_SUPPLIED INFORMATION_

[Start of Attachment]

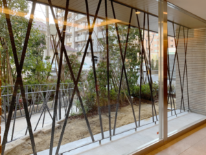 概要:ロビー窓の外側に長尺材をタスキ掛けに組んだスクリーンを取付けました。大きいので3分割で輸送し現場で組み立てました。
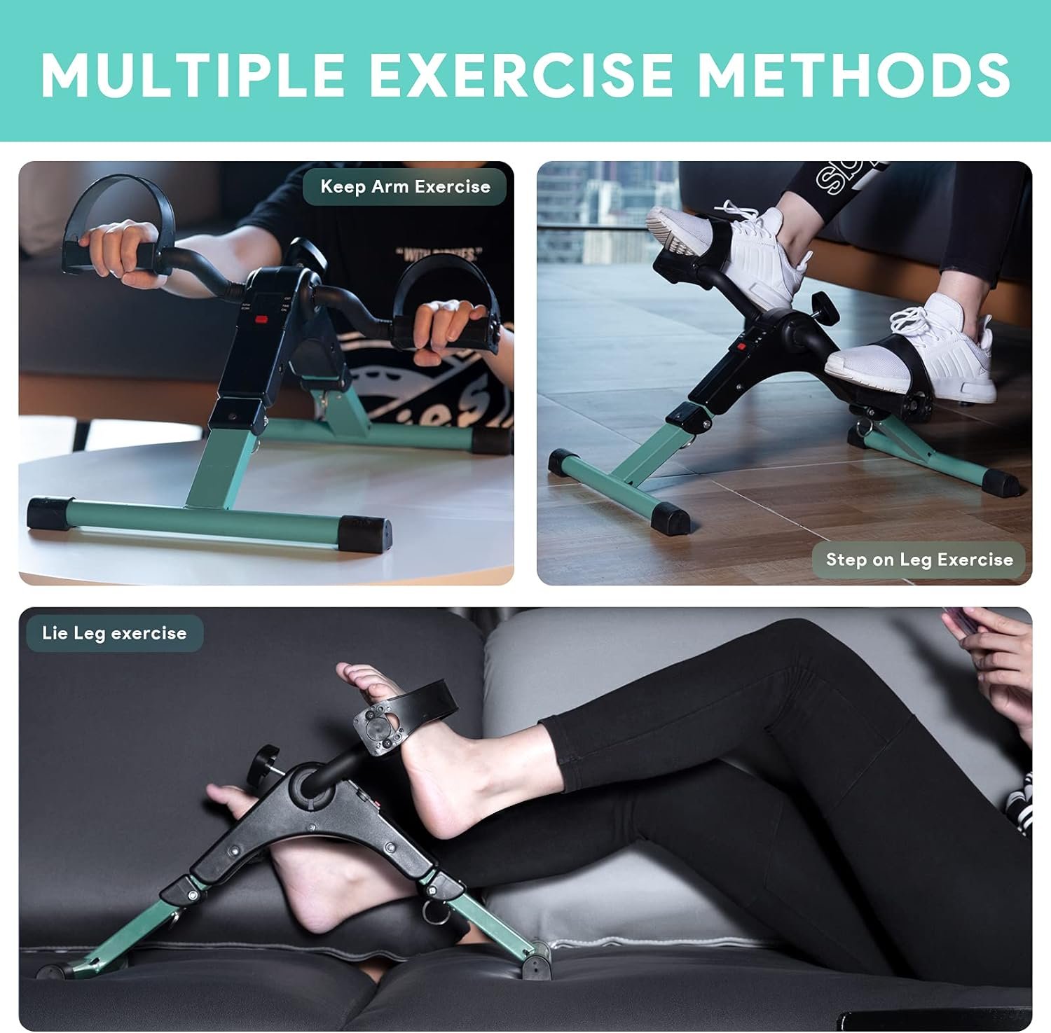 Folding Pedal Exerciser – Mini Exercise Bike Under Desk Bike Pedal Exerciser with LCD Display for Arms and Legs Workout, Portable Desk Bike Peddler Machine for Adults & Seniors
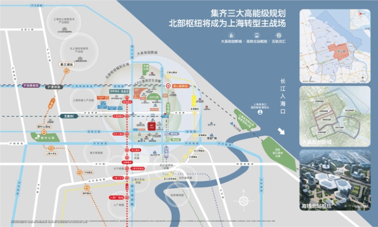 随着北上海在交通、配套设施、学校以及居住环境等方面的规划逐步实现,项目周边已是成熟的居住区,居住氛围非常浓郁,拥有招商花园城商业、白沙公园、杨行体育中心、复旦附属中山医院等丰富城市配套。另外,项目周边学校非常丰富,西侧是华东师范大学第二附属中学(宝山校区),北侧是华东师范大学附属宝山宝杨实验学校等。
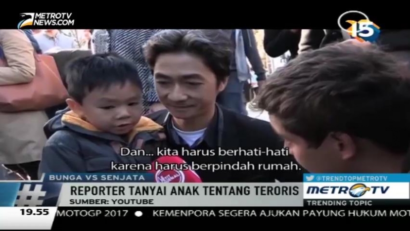 Sebuah video memperlihatkan wawancara dengan seorang anak yang merasa takut dengan teror yang terjadi di Paris. Kemudian jawaban sang ayah yang menenangkan dan membawa perdamaian ini membuat haru dunia, Kamis (19/11/2015).

[End of Attachment]

Your answer should copy the listing word for word, with no pictures in it.

_ANSWER_
 概要:ロビー窓の外側に長尺材をタスキ掛けに組んだスクリーンを取付けました。大きいので3分割で輸送し現場で組み立てました。
 Folding Pedal Exerciser – Mini Exercise Bike Under Desk Bike Pedal Exerciser with LCD Display for Arms and Legs Workout, Portable Desk Bike Peddler Machine for Adults & Seniors
 随着北上海在交通、配套设施、学校以及居住环境等方面的规划逐步实现,项目周边已是成熟的居住区,居住氛围非常浓郁,拥有招商花园城商业、白沙公园、杨行体育中心、复旦附属中山医院等丰富城市配套。另外,项目周边学校非常丰富,西侧是华东师范大学第二附属中学(宝山校区),北侧是华东师范大学附属宝山宝杨实验学校等。
 Sebuah video memperlihatkan wawancara dengan seorang anak yang merasa takut dengan teror yang terjadi di Paris. Kemudian jawaban sang ayah yang menenangkan dan membawa perdamaian ini membuat haru dunia, Kamis (19/11/2015).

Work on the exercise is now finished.